Jack Weldy's journey to founding Smartling began in the U.S. Air Force, where he spent roughly 25% of his life working outside the United States. This global exposure made one thing crystal clear: language barriers were holding back companies trying to reach international customers. After leaving the Air Force after 10 years as a pilot, Jack applied that discipline and focus to solving a problem he'd observed firsthand—the translation industry was broken, relying on manual email exchanges and clunky processes that couldn't scale.

Building the First Version

Starting in 2009 during the financial crisis, Jack bootstrapped the company with his own money and experience as a software developer. Rather than build a massive product from day one, he set a simple goal: create a prototype and get three customers to validate that the solution actually solved their problems.
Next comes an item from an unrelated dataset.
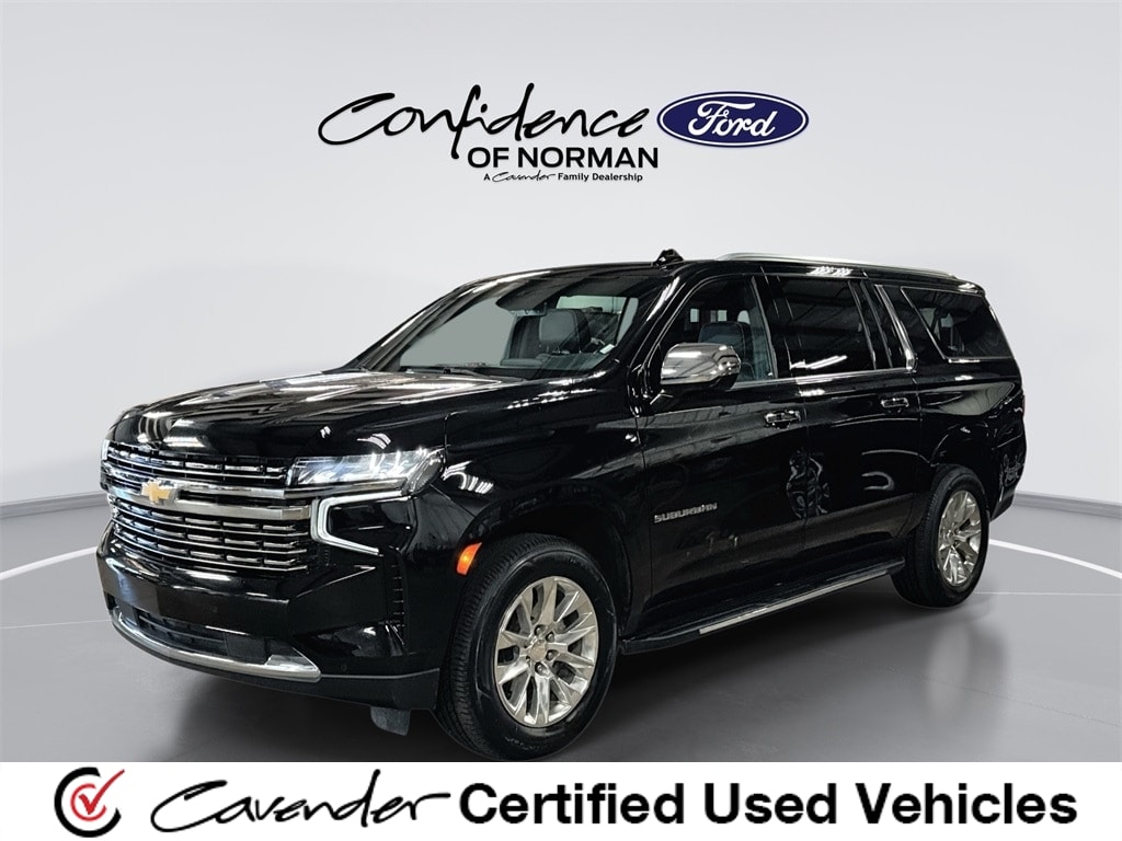 Cavender Certified Pre-Owned Program Built-in Benefits: Limited Powertrain Warranty for your peace of mind. Coverage includes components for engine, transmission and axles (for specific component coverage, please speak with a dealer representative). 24/7 Roadside Assistance â" No out-of-pocket costs for customers towed to our dealership (if located within 30 miles), lockout assistance, jump start, fuel and fluid delivery, flat tire changes, available 365 days/year, up to $100 maximum coverage per roadside incident. A Vehicle History Report is included with every Cavender Certified Pre-Owned vehicle to offer you Confidence knowing that the vehicle you are purchasing is right for you and the road ahead. (Limitation and exclusions apply. Please refer to your Limited Warranty Registration for full coverage information.) The Cavender Auto Family, proudly serving our communities since 1939, and we look forward to serving you! - Equipment: Preferred Equipment Group 1LZ (12-Way Power Driver & Passenger Seat Adjusters, 1st & 2nd Row Color-Keyed Carpeted Floor Mats, 2-Speed Active Electronic AutoTrac Transfer Case, 3rd Row 60/40 Power-Folding Split-Bench, Auto-Dimming Inside Rear-View Mirror, Bose 10-Speaker Surround w/CenterPoint, Bright Front & Rear Door Sill Plates, Chrome Door Handles w/Body-Color Strip, Chrome Mirror Caps, Color-Keyed Carpeting Floor Covering, Driver & Front Outboard Passenger Airbags, Dual Exhaust System, Enhanced Driver Information Center, Floor Console, Hands-Free Rear Power Programmable Liftgate, Heated 2nd Row Outboard Seats, Heated Driver & Front Passenger Seats, Heated Steering Wheel, Hill Descent Control, Infotainment Display, Lane Change Alert w/Side Blind Zone Alert, LED Daytime Running Lamps, Memory Settings, Outside Heated Power-Adjustable Mirrors, Perforated Heated & Ventilated Seats, Power Release 2nd Row Bucket Seats, Power Tilt & Telescopic Steering Column, Rear Cross Traffic Alert, Remote Start, Safety Alert Seat, SiriusXM w/360L, Universal Home Remote, Wireless Charging, and Wrapped Steering Wheel), 10 Speakers, 20" x 9" Polished Aluminum Wheels, 2nd Row Pwr Release 60/40 Split-Folding Bench Seat, 3.23 Rear Axle Ratio, 3rd row seats: split-bench, 4-Wheel Disc Brakes, ABS brakes, Adaptive suspension, Air Conditioning, Alloy wheels, AM/FM radio: SiriusXM with 360L, Apple CarPlay/Android Auto, Auto High-beam Headlights, Auto-dimming door mirrors, Auto-dimming Rear-View mirror, Auto-leveling suspension, Automatic temperature control, Brake assist, Bumpers: body-color, Compass, Delay-off headlights, Deleted 3 Years of Remote Access, Driver door bin, Driver vanity mirror, Dual front impact airbags, Dual front side impact airbags, Electronic Stability Control, Emergency communication system: OnStar and Chevrolet connected services capable, Floor Console w/Storage Area, Four wheel independent suspension, Front anti-roll bar, Front Bucket Seats, Front Center Armrest, Front dual zone A/C, Front reading lights, Fully automatic headlights, Garage door transmitter, Heated door mirrors, Heated front seats, Heated rear seats, Heated steering wheel, Illuminated entry, Low tire pressure warning, Magnetic Ride Control Suspension, Memory seat, Navigation System, Occupant sensing airbag, Outside temperature display, Overhead airbag, Overhead console, Panic alarm, Passenger door bin, Passenger vanity mirror, Perforated Leather Seating Surfaces, Power door mirrors, Power driver seat, Power Liftgate, Power passenger seat,

The founding team focused on building a translation management system that could automate the workflow of taking content, organizing it, routing it to translators around the world, and deploying it back to the right channels. The approach was lean and customer-focused.

Finding the First Customers

Jack's strategy of targeting early adopters worked. By the time he finished the first round, he had 7-10 customers paying tens of thousands to $100,000+ annually. This traction was enough to convince investors—he raised his first Series A of $4 million on the strength of that early validation. The founding team was lean: Jack brought software expertise, and they built out a small team of developers. What made Smartling different was understanding that translation still required human expertise, even with advances in machine translation like Google Translate. They built a network of contracted translators positioned around the world, ultimately scaling to 10,000 contractors alongside their 200-person full-time team.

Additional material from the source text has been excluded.